Monitoring

Clinical review

  • For patients receiving hormone treatment, medical evaluation by the hormone-prescribing physician every 2-3 months in the first year, and every 6-12 months thereafter, is recommended.[4]​​[31][44]​ ​This is to monitor for appropriate signs of masculinisation/feminisation, and for the development of any adverse reactions (e.g., venous thromboembolism, cardiovascular impairment). It typically takes at least 2 years for patients to achieve maximal masculinising/feminising results from hormones.[31]​​

  • Patients who undergo gonadectomy require hormone replacement treatment, surveillance, or both, to prevent adverse effects associated with chronic hormone deficiency.[31]

Blood tests

  • For patients receiving hormone treatment, laboratory (blood test) monitoring is recommended every 2-3 months in the first year, and every 6-12 months thereafter.[4]​​[31][44]​ A clinical priority is maintaining testosterone/oestrogen levels within the physiological range for birth-assigned female/birth-assigned male patients respectively, given that supraphysiological doses may lead to an increased risk of adverse effects.[31] Long-term monitoring of lipids, prolactin, liver functional tests (plus haematocrit in transgender men only) from baseline is advisable, although derangements are rare. The Endocrine Society guidelines contain detailed standard monitoring plans for patients on both testosterone and oestrogen cross-hormone therapy, including recommended serum hormone levels.[31]
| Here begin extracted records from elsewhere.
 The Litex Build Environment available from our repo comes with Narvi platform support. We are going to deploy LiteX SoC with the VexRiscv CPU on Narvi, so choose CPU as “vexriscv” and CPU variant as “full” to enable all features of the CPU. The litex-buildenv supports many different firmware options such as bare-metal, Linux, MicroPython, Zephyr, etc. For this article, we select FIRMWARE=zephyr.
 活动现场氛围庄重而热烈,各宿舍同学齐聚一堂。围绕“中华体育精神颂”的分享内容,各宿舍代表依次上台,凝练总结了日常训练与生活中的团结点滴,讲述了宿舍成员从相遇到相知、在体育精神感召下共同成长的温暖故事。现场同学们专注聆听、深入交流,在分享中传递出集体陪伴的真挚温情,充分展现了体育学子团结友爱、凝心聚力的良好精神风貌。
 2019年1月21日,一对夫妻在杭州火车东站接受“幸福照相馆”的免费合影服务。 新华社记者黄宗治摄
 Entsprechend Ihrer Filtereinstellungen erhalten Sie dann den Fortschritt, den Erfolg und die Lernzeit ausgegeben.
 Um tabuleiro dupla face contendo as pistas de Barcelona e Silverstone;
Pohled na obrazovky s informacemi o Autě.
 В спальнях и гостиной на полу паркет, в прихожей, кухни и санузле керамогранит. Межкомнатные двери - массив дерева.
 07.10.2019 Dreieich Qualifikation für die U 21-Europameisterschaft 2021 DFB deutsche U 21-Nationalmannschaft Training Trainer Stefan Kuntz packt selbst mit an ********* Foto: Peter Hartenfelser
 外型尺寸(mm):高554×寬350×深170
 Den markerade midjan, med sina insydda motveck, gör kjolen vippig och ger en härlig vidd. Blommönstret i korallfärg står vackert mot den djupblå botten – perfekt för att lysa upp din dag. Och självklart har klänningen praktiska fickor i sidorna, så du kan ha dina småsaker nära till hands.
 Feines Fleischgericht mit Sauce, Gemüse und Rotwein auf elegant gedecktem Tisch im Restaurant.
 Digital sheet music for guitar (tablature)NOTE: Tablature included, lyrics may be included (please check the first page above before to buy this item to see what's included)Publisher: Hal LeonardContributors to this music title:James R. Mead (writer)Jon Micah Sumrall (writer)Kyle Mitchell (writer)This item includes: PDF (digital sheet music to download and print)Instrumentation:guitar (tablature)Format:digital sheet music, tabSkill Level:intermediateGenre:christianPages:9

  • Note that there are particular considerations with regard to testosterone monitoring according to whether a topical or injected preparation is used. With topical testosterone preparations levels should be measured at least 6 hours after the preparation was applied, making sure the blood is drawn from a different site to the one the preparation was earlier applied. Injected preparations need a peak and trough level. The trough is the level that pertains to the day the injection is due and should be at the bottom end of the normal male range. The peak level is that which applies a week after the injection is given, and should be at the top end of the normal male range. This ensures that at no point in the dosing cycle is the level supraphysiologically high or low. Longer acting preparations need a single, trough, measurement that should be at the bottom end of the normal range.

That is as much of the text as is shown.